Defensive Gun Use (Including Data from Studies) - chatmasta
http://en.wikipedia.org/wiki/Defensive_gun_use

======
xherberta
Quoting from the wiki... "Criminologist Marvin Wolfgang, who described himself
"as strong a gun-control advocate as can be found among the criminologists in
this country" and whose opinion of guns was "I would eliminate all guns from
the civilian population and maybe even from the police. I hate guns--ugly,
nasty instruments designed to kill people" defended Kleck's methodology,
saying "What troubles me is the article by Gary Kleck and Marc Gertz. The
reason I am troubled is that they have provided an almost clear-cut case of
methodologically sound research in support of something I have theoretically
opposed for years, namely, the use of a gun in defense against a criminal
perpetrator". He went on to say that the NCVS survey did not contradict the
Kleck study and that "I do not like their conclusions that having a gun can be
useful, but I cannot fault their methodology.
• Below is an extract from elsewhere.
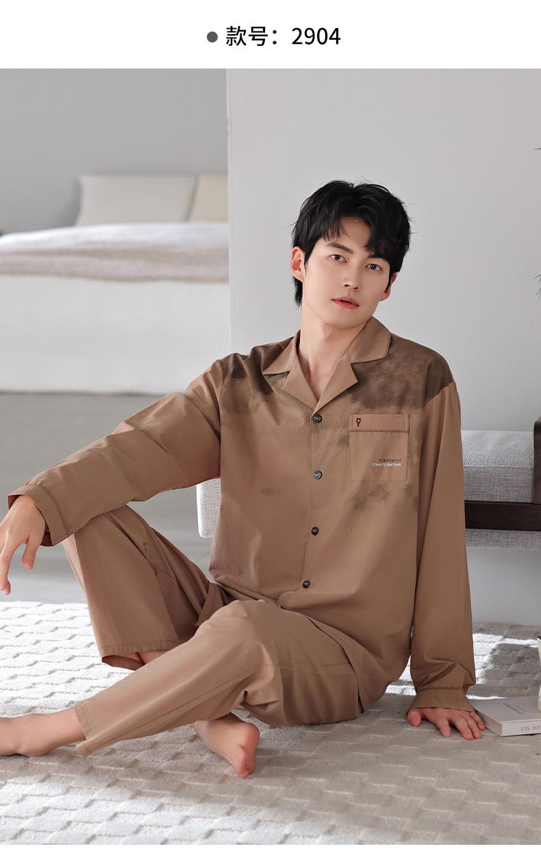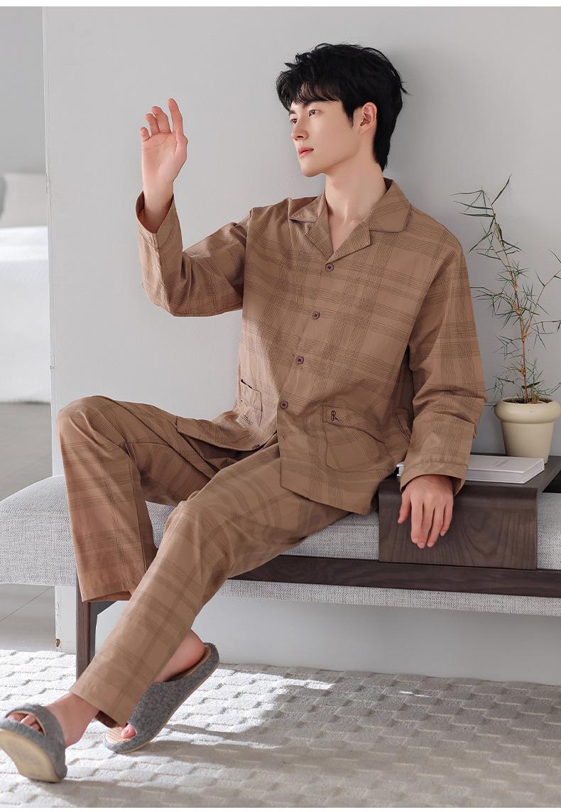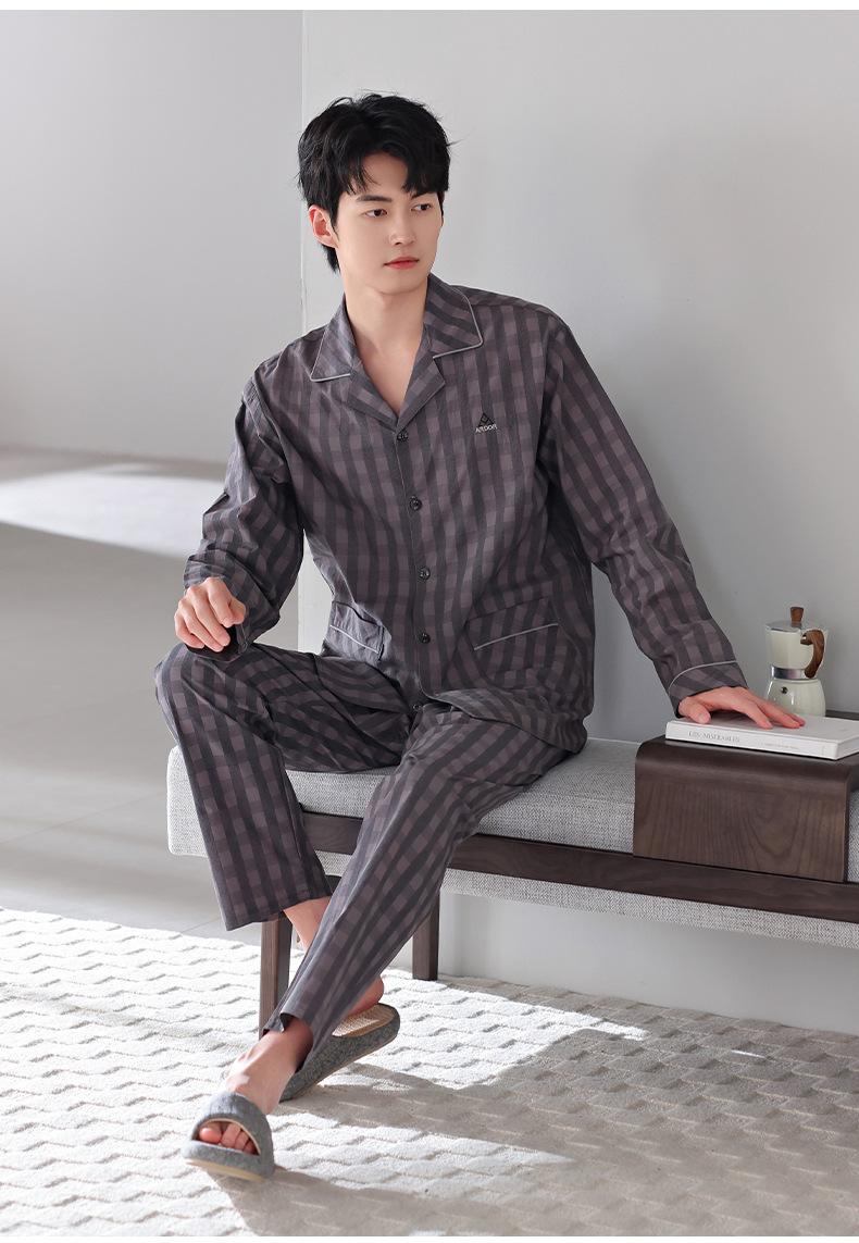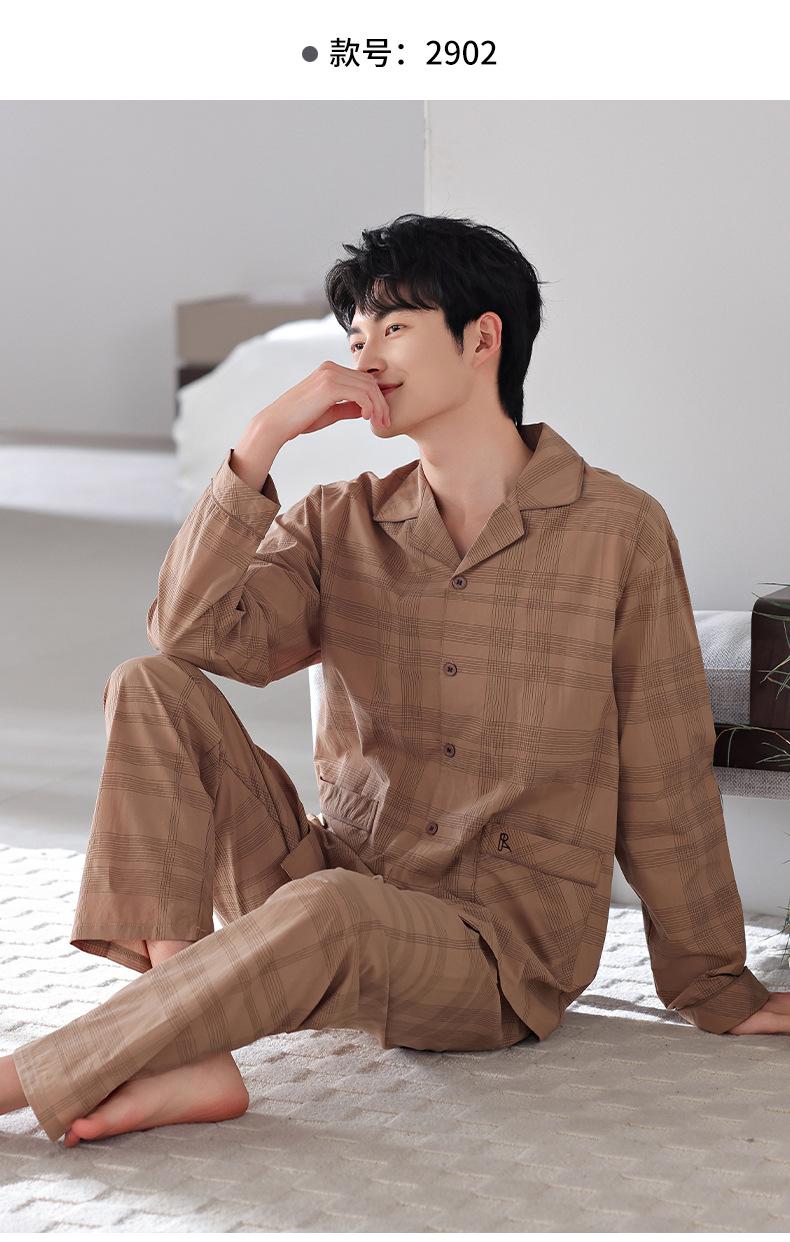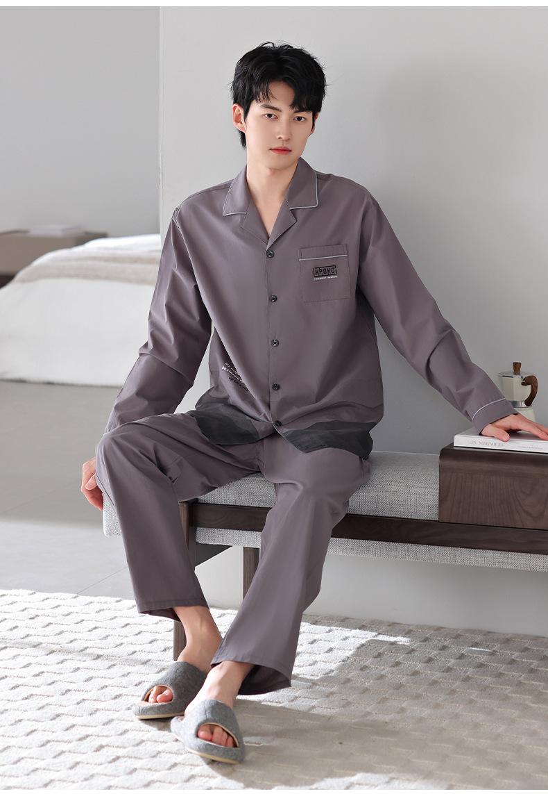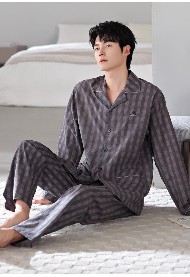 Compra Pijama de Algodón Tejido para Hombre Primavera y Otoño Pantalones de Manga Larga Ropa para el Hogar Cárdigan Sencillo Holgado Ropa Exterior Traje de Hombre al por mayor en Joom.pro

They have tried earnestly to
meet all objections in advance and have done exceedingly well.""

He deserves credit for recognizing his personal bias.

Here is Wolfgang's 1995 paper, "A tribute to a position I have opposed."
[http://scholarlycommons.law.northwestern.edu/cgi/viewcontent...](http://scholarlycommons.law.northwestern.edu/cgi/viewcontent.cgi?article=6854&context=jclc)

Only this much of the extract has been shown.